Теперь настал мой черед рассказывать — и, пока мы не миновали ворота Сент-Джеймского парка, я выложил все, что знал. И хотя сэра Эндимиона я не упомянул ни разу (все еще, как видите, сохраняя ему верность), можете не сомневаться, что я отнюдь не погнушался добавить два-три нелестных мазка к набросанному ею портрету Роберта.
Когда я умолк, миледи, вопреки моим ожиданиям, ни словом не обмолвилась — будто пропустила все мимо ушей — ни о вероломстве Роберта, ни о печальной участи Элиноры. Единственное, что ее заинтересовало в моей повести — к немалому моему огорчению и разочарованию, — это характер самой Элиноры. Миледи задала мне целую кучу вопросов о ее внешности, о ее манерах — и так далее. Приятно ли с ней беседовать? Красивая ли она? Сколько ей лет? Какого цвета у нее волосы? Глаза? Высокого она роста или нет? А цвет лица — бледный или смуглый? Как она одевается, как говорит? Я писал ее портрет — закончен ли он? Нельзя ли на него взглянуть?
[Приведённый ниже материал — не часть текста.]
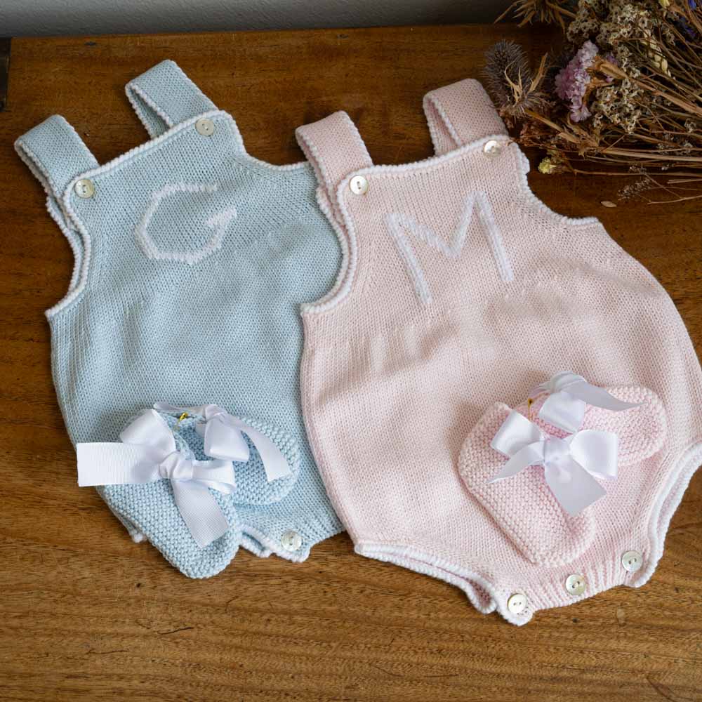 Baby romper knitted in high-quality Italian yarn, incredibly soft and gentle on delicate skin. Features a contrasting trim and a customizable hand-embroidered initial for a truly unique piece. Choose your preferred color and add the desired initial in the checkout notes. Made-to-order item, not eligible for exchange or return. Made in Portugal.
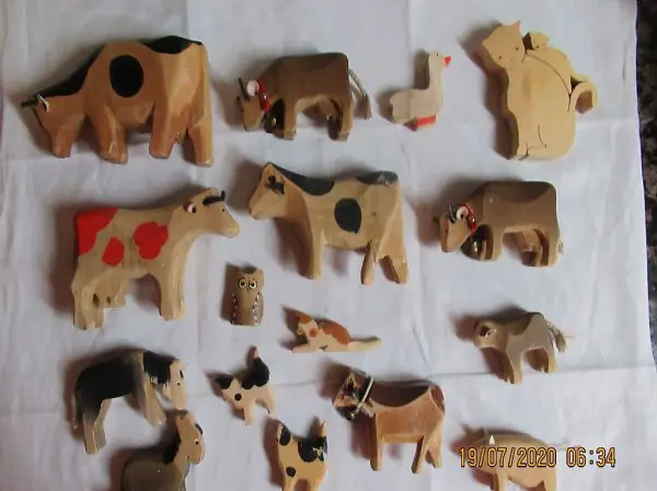 Holztiere, Bauernhoftiere, alt und Holz massiv
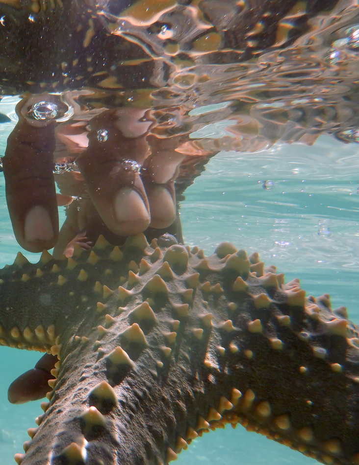 Морские звезды безопасны. Только один вид ядовит. Девочки его нашли и вытащили для фотосессии :) Чудом обошлось :)
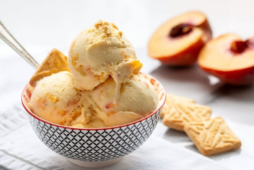 A za posebnu poslasticu, dodajte malo drobljenih prhkih keksića i malo cimeta - dobit ćete pravi Peach Cobbler sladoled!
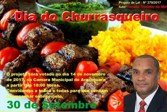 Mas antes, outro assunto de interesse da República, o dia do Churrasqueiro. Para a sessão do dia 14 de Novembro da Câmara Municipal de Vereadores de Araraquara/SP, o vereador Toninho do Mel do PT convidou toda a população da cidade para prestigiar a apreciação e aprovação do seu Projeto de Lei que, no fim, criou o dia do Churrasqueiro.
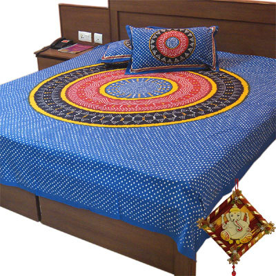 Double bedsheet gift set contains:a. One double bed sheet with set of 02 matching pillow covers of traditional sanganeri print of jaipur. The product comes in an attractive gift packing.B. Free wall hanging in wood having stone cut embossed ganesha idol.
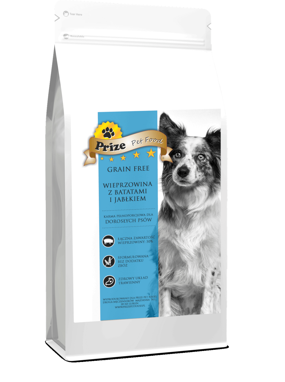- Prize Grain Free Wieprzowina z Batatami i Jabłkiem to hypoalergiczna karma, bez zbóż z apetycznym mięsem wieprzowym.

Этот допрос сильно меня раздражал, но, хотя мне никоим образом не удалось бы дать на все пункты благоприятные для Элиноры справки, я не без удивления обнаружил, что пылко ее защищаю, всячески преувеличивая ее красоту, очарование, достоинства характера. Вместе с тем меня так и подмывало крикнуть, что я описываю не автомат и не портновский манекен, не фигуру на картине и не персонаж из книги, но человеческое существо, которое терпит муки в убогой мансарде. Скоро, впрочем, я почувствовал себя даже польщенным: столь настойчивое внимание к определенному предмету ласкало мне сердце; быть может, миледи с опаской заподозрила в Элиноре свою соперницу?
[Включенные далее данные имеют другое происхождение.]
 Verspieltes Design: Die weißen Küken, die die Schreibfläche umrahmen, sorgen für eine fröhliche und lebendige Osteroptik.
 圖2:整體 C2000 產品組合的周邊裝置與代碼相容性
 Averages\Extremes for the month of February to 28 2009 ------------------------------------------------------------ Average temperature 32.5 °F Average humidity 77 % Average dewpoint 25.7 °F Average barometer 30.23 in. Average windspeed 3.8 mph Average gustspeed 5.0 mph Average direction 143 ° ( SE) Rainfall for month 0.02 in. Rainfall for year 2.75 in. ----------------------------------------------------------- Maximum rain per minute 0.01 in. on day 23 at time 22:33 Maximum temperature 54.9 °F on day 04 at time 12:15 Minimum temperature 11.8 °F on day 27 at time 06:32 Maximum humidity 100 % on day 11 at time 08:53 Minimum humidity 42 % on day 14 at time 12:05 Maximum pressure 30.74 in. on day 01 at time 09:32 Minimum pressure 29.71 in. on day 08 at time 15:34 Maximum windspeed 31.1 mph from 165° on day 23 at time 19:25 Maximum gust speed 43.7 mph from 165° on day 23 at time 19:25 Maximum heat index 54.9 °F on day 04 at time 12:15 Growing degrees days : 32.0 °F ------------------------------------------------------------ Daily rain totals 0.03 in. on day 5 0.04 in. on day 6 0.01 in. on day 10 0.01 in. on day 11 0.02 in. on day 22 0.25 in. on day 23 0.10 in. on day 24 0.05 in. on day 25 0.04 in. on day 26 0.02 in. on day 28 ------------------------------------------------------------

Приятное подозрение относительно ревности миледи вскоре если не подтвердилось, то, во всяком случае, укрепилось, как только мы вышли в парке на один из окаймленных деревьями променадов: сюда, по случаю воскресенья, начал стекаться подышать воздухом знатный люд перед тем, как отправиться на богослужение, и вдруг, нежданно-негаданно, миледи взяла меня под руку. Нежданно-негаданно потому, что до сих пор она казалась решительной союзницей Роберта в обоих случаях, то есть винила во всем происшедшем меня и Элинору. По мере разговора досада моя неуклонно возрастала, ибо я не желал терпеть возле себя даму, чьи моральные понятия были столь ущербны.